W zwisie na drążku, ręce w nawróceniu, rozstawione szeroko:
– wziąć wdech i podciągnąć się tak, by klatka piersiowa znalazła się prawie na wysokości drążka:
– wykonać wydech w końcowej fazie ruchu;
– powrócić do pozycji wyjściowej, kontrolując ruch podczas opadania, a następnie powtórzyć całe ćwiczenie.
To doskonałe, choć wymagające dość dużej siły, ćwiczenie rozwija mięsień najszerszy grzbietu i mięsień obły większy, a w czasie ściągania łopatek w końcowej fazie podciągania także mięśnie równoległoboczne oraz poprzeczne i wstępujące części mięśnia czworobocznego. Angażuje również mięsień dwugłowy ramienia, mięsień ramienny i mięsień ramienno-promieniowy.
Warianty: wypinając klatkę piersiową, można podciągnąć się na wysokość brody. Ćwiczenie będzie bardziej intensywne, gdy zwiększy się obciążenie, zaczepiając przy pasie ciężarki.

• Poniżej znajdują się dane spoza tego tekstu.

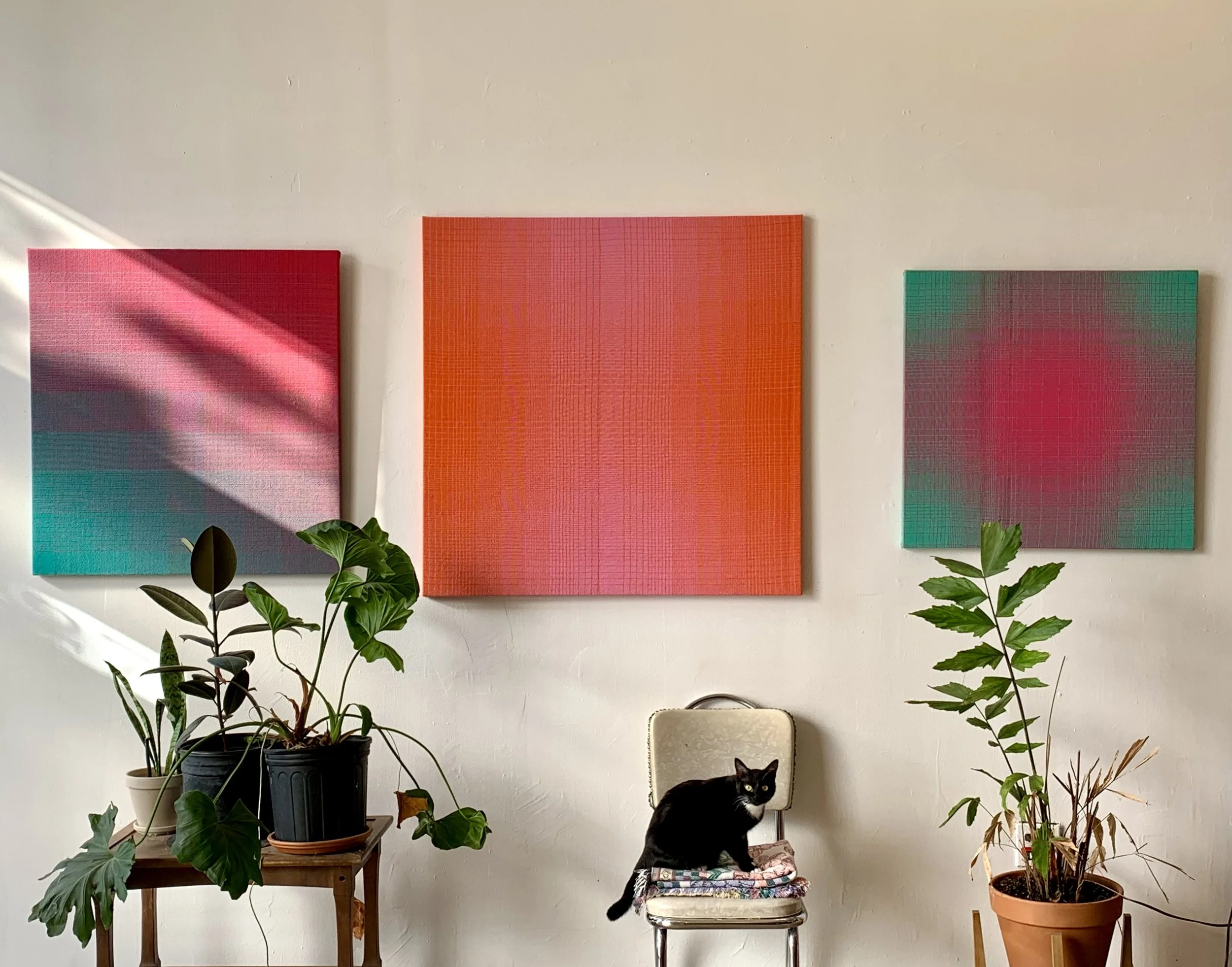 Harper Newell is a Fiber Artist based in Kansas City, Missouri. Her art practice primarily consists of what she calls color field weavings which explore color interactions via individual threads that when woven together create soft, aura like gradients. The meditative quality of the work both in its process and outcome invite the viewer to look within while subtle shifts of bright colors invite them to move left, right, forward, and back in order to better comprehend the implied movement within the work. Newell’s work references the Light and Space movement using colors and titles that reflect on her upbringing in the DIY arts and culture scene in Omaha Nebraska. Newell received a BFA in Fiber in 2020 from the Kansas City Art Institute.

Biorąc pod uwagę aspekt biomechaniczny, warto zauważyć, że jeśli łokcie będą prowadzone wzdłuż tułowia, to ćwiczenie angażuje głównie włókna zewnętrzne mięśnia najszerszego grzbietu i powoduje wzrost szerokości mięśni grzbietu.
Odwodzenie łokci do tyłu i wypinanie klatki piersiowej przy podciąganiu się na wysokość brody sprawi, że zaangażuje się głównie włókna górne i środkowe mięśnia najszerszego grzbietu, a także mięsień obły większy.
Ćwiczenie to zwiększa masę mięśni grzbietu. W trakcie ściągania łopatek angażuje się również mięsień równoległoboczny i część wstępującą mięśnia czworobocznego.
W celu uniknięcia urazów, które mogą spowodować zapalenie ścięgna dystalnego mięśnia dwugłowego ramienia (ścięgno mięśnia dwugłowego ramienia przyczepiające się do kości promieniowej), zaleca się, aby przy wykonywaniu długich serii ćwiczeń łokcie były stale lekko zgięte.